=== Input material ===

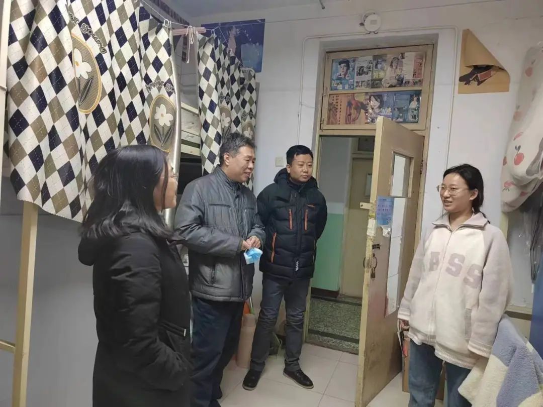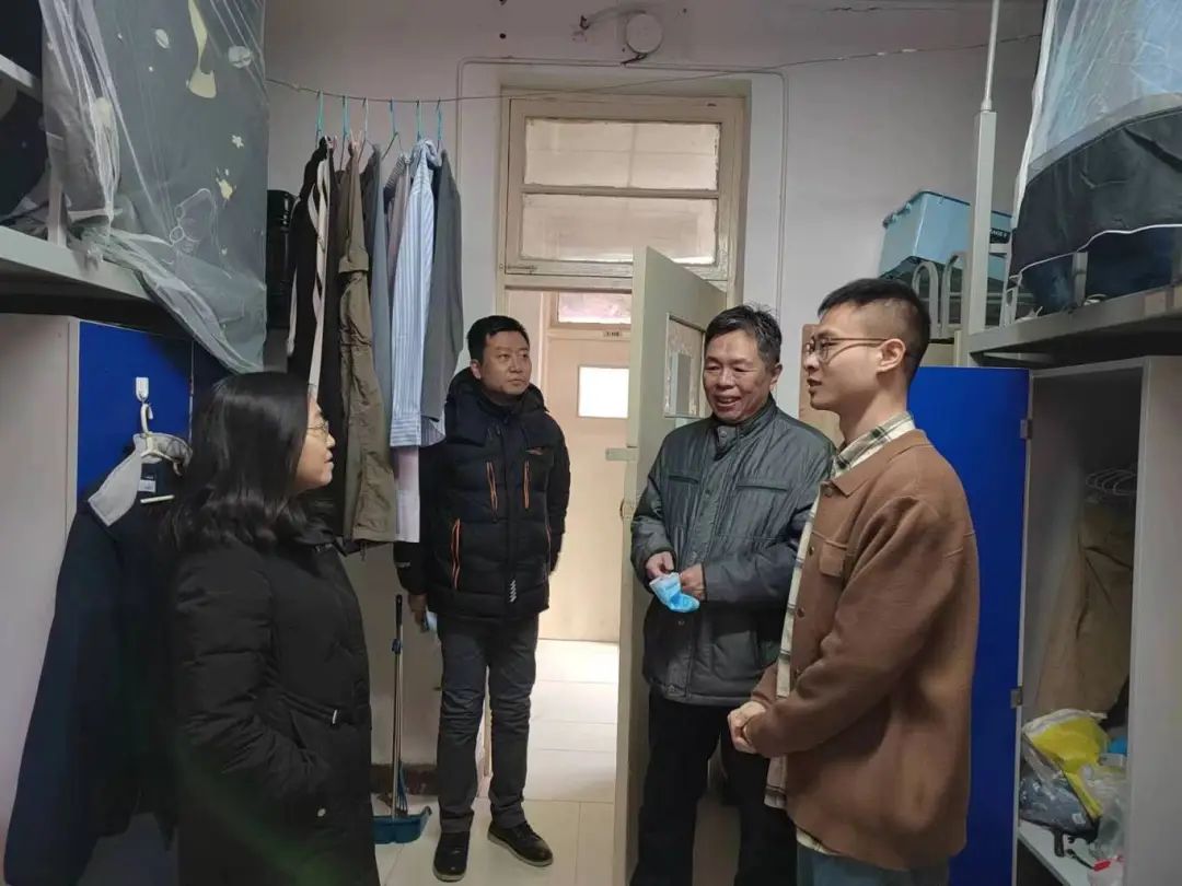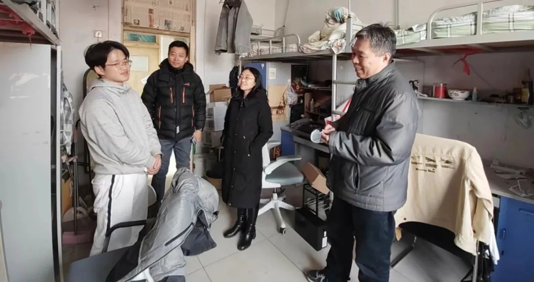 党委书记郭芃、党委副书记王瑾,团委副书记李鹏深入学生宿舍走访慰问,传递学校关怀,了解同学们在假期的各项情况,倾听学生在新学期的期待与需求,并从日常生活、学习状态、职业规划等多方面深入了解同学们的学习生活状况,送上新学期的美好祝愿。
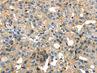 The image on the left is immunohistochemistry of paraffin-embedded Human breast cancer tissue using CSB-PA545504(SRPX Antibody) at dilution 1/35, on the right is treated with fusion protein. (Original magnification: ×200)
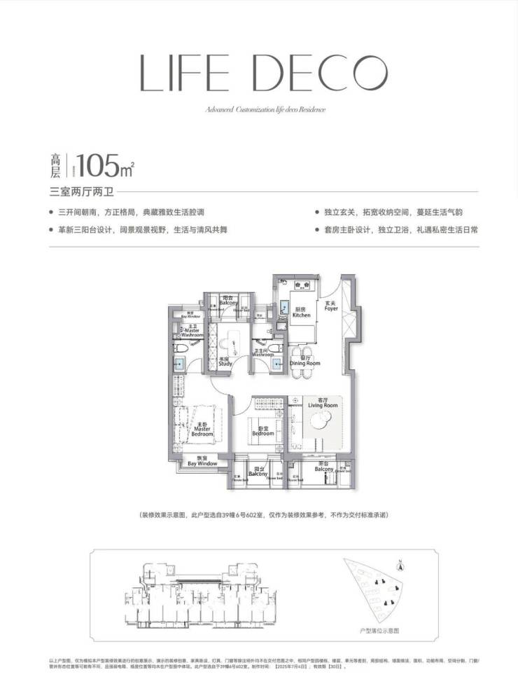 2、延伸空间拉满!主卧套房飘窗+步入式衣帽间+独立卫浴拥有2个飘窗,尊崇感与实用性拉满!三阳台+花池+4飘窗结构,有效延伸空间,实际使用空间更奢阔!
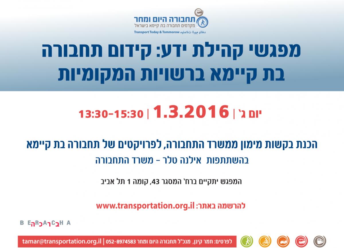 כנס/יום עיון: מפגש קהילת ידע: הכנת בקשות מימון לפרויקטים של תחבורה בת קיימא
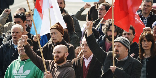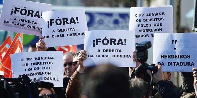 «E para máis inri CC.OO. e UGT incidindo no diálogo social, escenificando como aconteceu hai uns momentos aquí, ante o monumento a Amador e Daniel, sen ningún rubor a súa conivencia e os seus parabens co sistema instaurado transmitindo a mensaxe de que todas e todos queremos o mesmo, que todos estamos no mesmo barco e que todos temos que remar na mesma dirección. Pois non, digámolos claramente a CC.OO. e a UGT que se decate dunha vez, os ricos non queren o mesmo que os pobres. Os que viven do seu traballo non queren o mesmo que os que viven da especulación e a explotación dos traballadores e traballadoras. Os pobos colonizados non queren o mesmo que os seus colonizadores. A clase obreira galega non quere o mesmo que estes que gobernan para as multinacionais, para os bancos e os seus amigos, importándolles moi pouco ou nada a clase traballadora» continuó Manel Grandal.

===

**Exercise description:**
Print the material above exactly as it appears, but not its pictures.

**Expected answer:**
 党委书记郭芃、党委副书记王瑾,团委副书记李鹏深入学生宿舍走访慰问,传递学校关怀,了解同学们在假期的各项情况,倾听学生在新学期的期待与需求,并从日常生活、学习状态、职业规划等多方面深入了解同学们的学习生活状况,送上新学期的美好祝愿。
 The image on the left is immunohistochemistry of paraffin-embedded Human breast cancer tissue using CSB-PA545504(SRPX Antibody) at dilution 1/35, on the right is treated with fusion protein. (Original magnification: ×200)
 2、延伸空间拉满!主卧套房飘窗+步入式衣帽间+独立卫浴拥有2个飘窗,尊崇感与实用性拉满!三阳台+花池+4飘窗结构,有效延伸空间,实际使用空间更奢阔!
 כנס/יום עיון: מפגש קהילת ידע: הכנת בקשות מימון לפרויקטים של תחבורה בת קיימא
 «E para máis inri CC.OO. e UGT incidindo no diálogo social, escenificando como aconteceu hai uns momentos aquí, ante o monumento a Amador e Daniel, sen ningún rubor a súa conivencia e os seus parabens co sistema instaurado transmitindo a mensaxe de que todas e todos queremos o mesmo, que todos estamos no mesmo barco e que todos temos que remar na mesma dirección. Pois non, digámolos claramente a CC.OO. e a UGT que se decate dunha vez, os ricos non queren o mesmo que os pobres. Os que viven do seu traballo non queren o mesmo que os que viven da especulación e a explotación dos traballadores e traballadoras. Os pobos colonizados non queren o mesmo que os seus colonizadores. A clase obreira galega non quere o mesmo que estes que gobernan para as multinacionais, para os bancos e os seus amigos, importándolles moi pouco ou nada a clase traballadora» continuó Manel Grandal.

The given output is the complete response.